TASK TO CARRY OUT – Nothing but the lines from the top of the records through the line with "(Set of 3) Troy" should be returned, exactly, and without pictures.

Segment Start: DATA FOR THE TASK

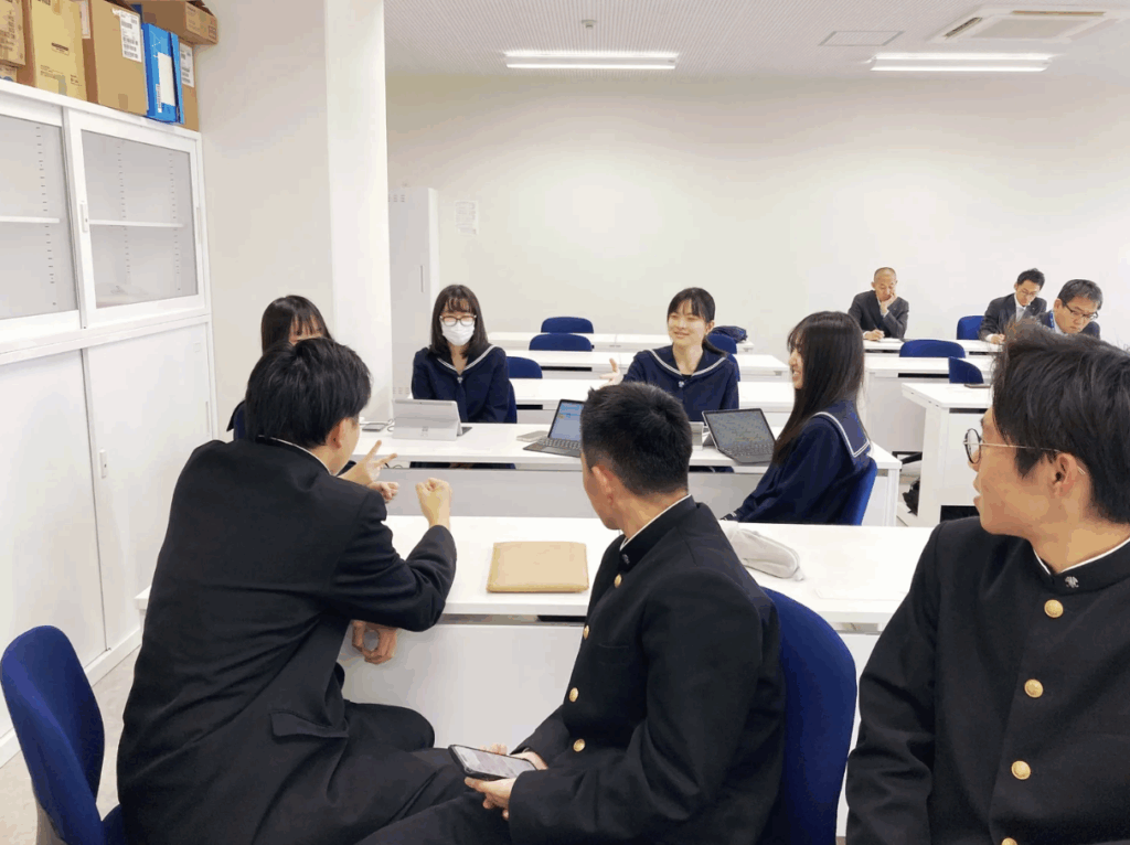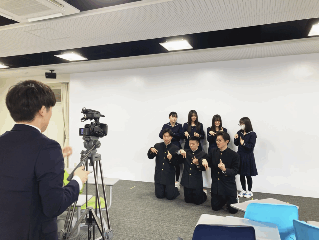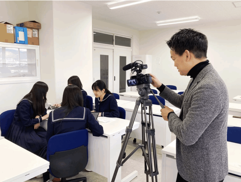 本日、やまがたAI部が、山形市立商業高校にてテレビ放送に向けた事前撮りを行いました!県庁担当者の方のご協力を得て、事務局メンバーで撮影に臨みました。
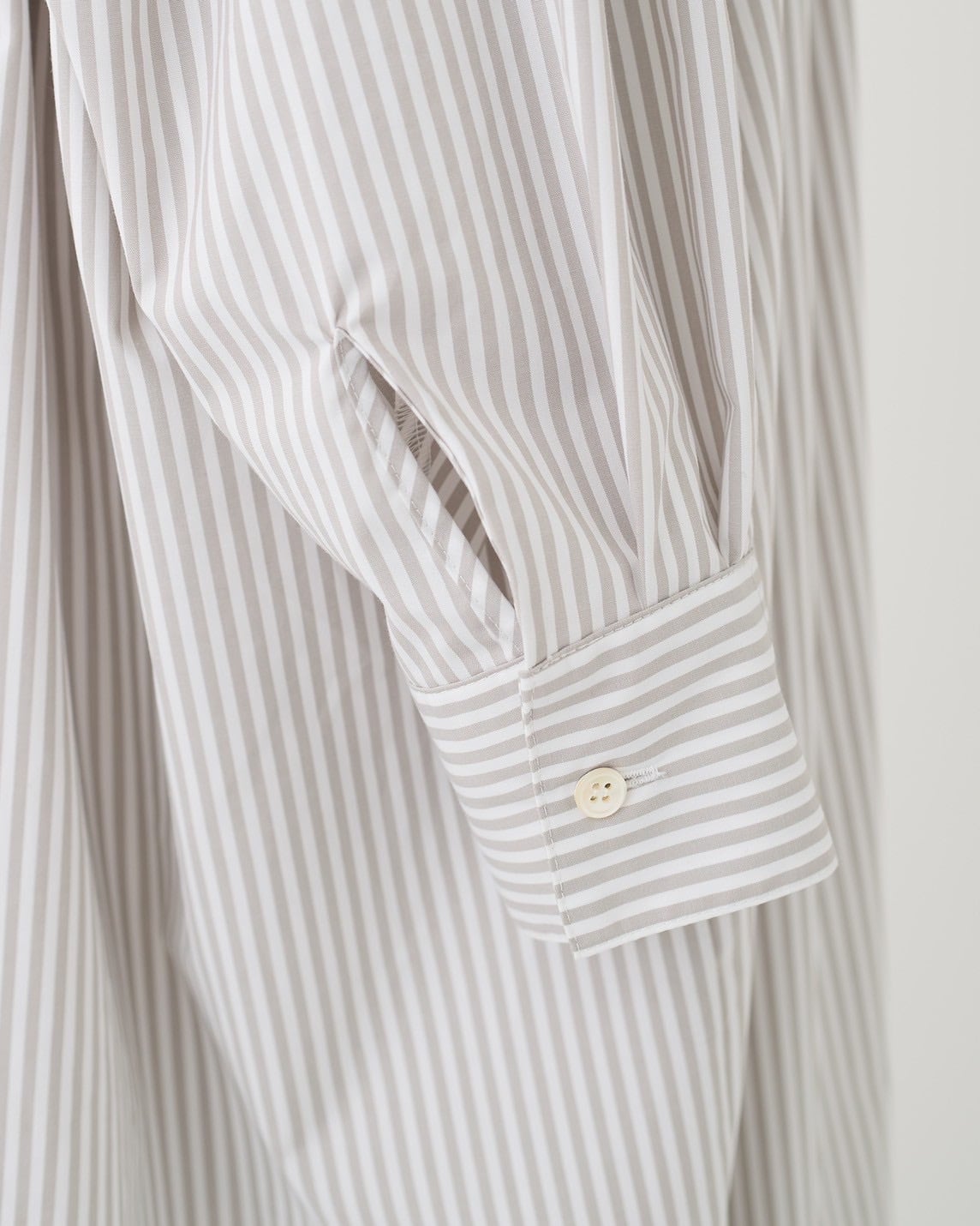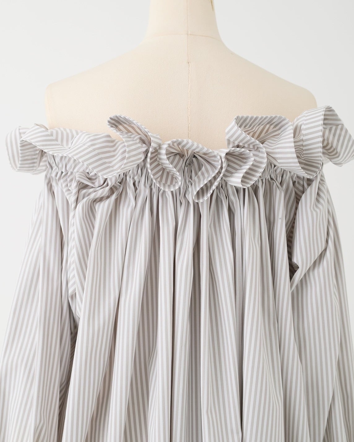 首元を美しく見せるオフショルデザインに、たっぷりと寄せたギャザーと立体的なフリルがロマンティックなムードを添えます。ストライプ柄が甘さをほどよく引き締め、洗練された印象に。
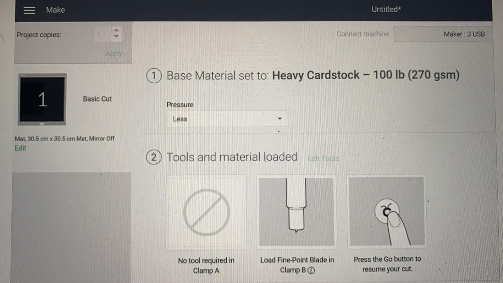 Mirror Card Cut setting – Heavy card stock , Pressure setting- less
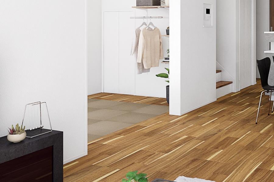 【木のぬくもりと寄り添いながら自分らしい暮らしを描く】庭や街の木々を取り込んだような3種の個性ある木材を空間のアクセントに、家族と過ごす時間もひとりの時間も大切にできる3つのプランを採用しました。
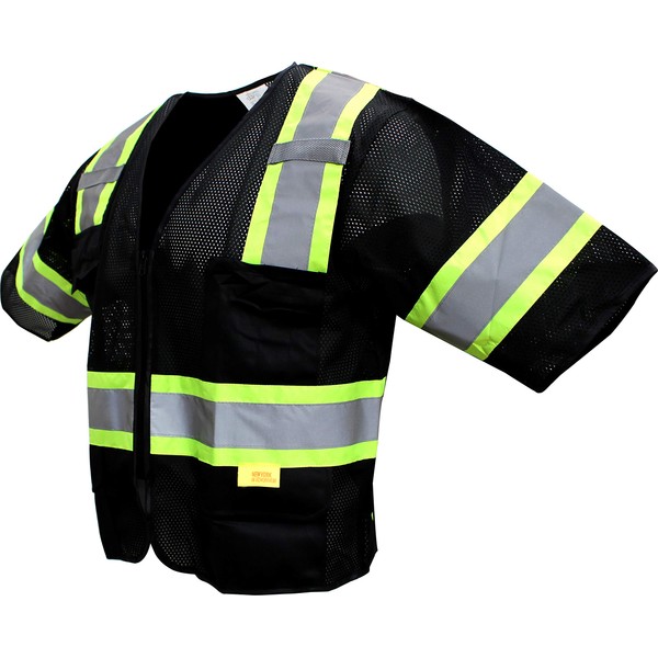 (Set of 3) Troy Safety MV7813 Class 3 Two Tones High Visibility Reflective Strips Breathable Ployester Mesh Vest W/Pockets | ANSI ISEA 107-2015 Certified (L, Lime)
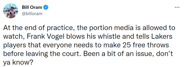 赛季至今,湖人的罚球命中率只有72.2%,位居联盟第29位。糟糕的罚球,也让他们付出不小的代价,上一场对勇士的比赛,最后时刻,湖人落后3分,詹姆斯获得3次罚球机会,但他没能把握住机会,未能将比赛拖入加时。全队的罚球表现也不好,沃格尔希望大家能对罚球更加重视。
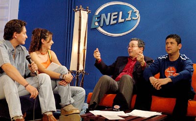 El presidente de la República Álvaro Uribe Vélez responde a los jóvenes colombianos todas las inquietudes acerca del referendo, durante la grabación del programa "En el 13" del Canal 13.
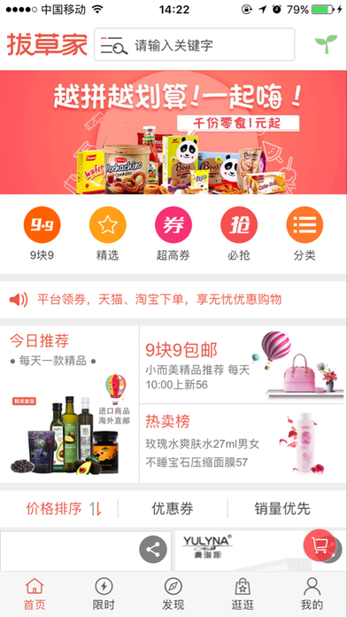 精选各大商城特卖商品优惠券,购买商品不仅有高额优惠券,还有返利。最高返利商品价格10% 网购、打折购物首选拔草家。来拔草家看什么值得买商品。
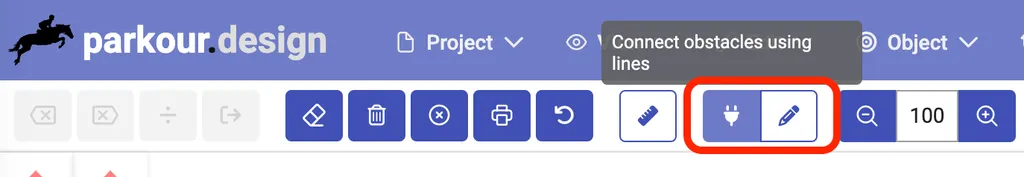 The process of connecting the obstacles to form a course is essential to how parkour.design operates. All obstacles that are added to the arena are by default disconnected – they are not part of the course. There are several methods of connecting the obstacles – use them depending on your personal preferences how you design your courses.
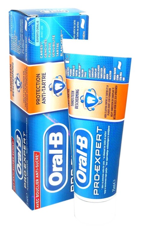 Le dentifrice Pro expert Anti tartre d'ORAL B, le soin d'hygiène dentaire pour des dents propres sans plaque dentaire ni tartre.

Segment End: DATA FOR THE TASK

OUTPUT OF THE TASK –
 本日、やまがたAI部が、山形市立商業高校にてテレビ放送に向けた事前撮りを行いました!県庁担当者の方のご協力を得て、事務局メンバーで撮影に臨みました。
 首元を美しく見せるオフショルデザインに、たっぷりと寄せたギャザーと立体的なフリルがロマンティックなムードを添えます。ストライプ柄が甘さをほどよく引き締め、洗練された印象に。
 Mirror Card Cut setting – Heavy card stock , Pressure setting- less
 【木のぬくもりと寄り添いながら自分らしい暮らしを描く】庭や街の木々を取り込んだような3種の個性ある木材を空間のアクセントに、家族と過ごす時間もひとりの時間も大切にできる3つのプランを採用しました。
 (Set of 3) Troy Safety MV7813 Class 3 Two Tones High Visibility Reflective Strips Breathable Ployester Mesh Vest W/Pockets | ANSI ISEA 107-2015 Certified (L, Lime)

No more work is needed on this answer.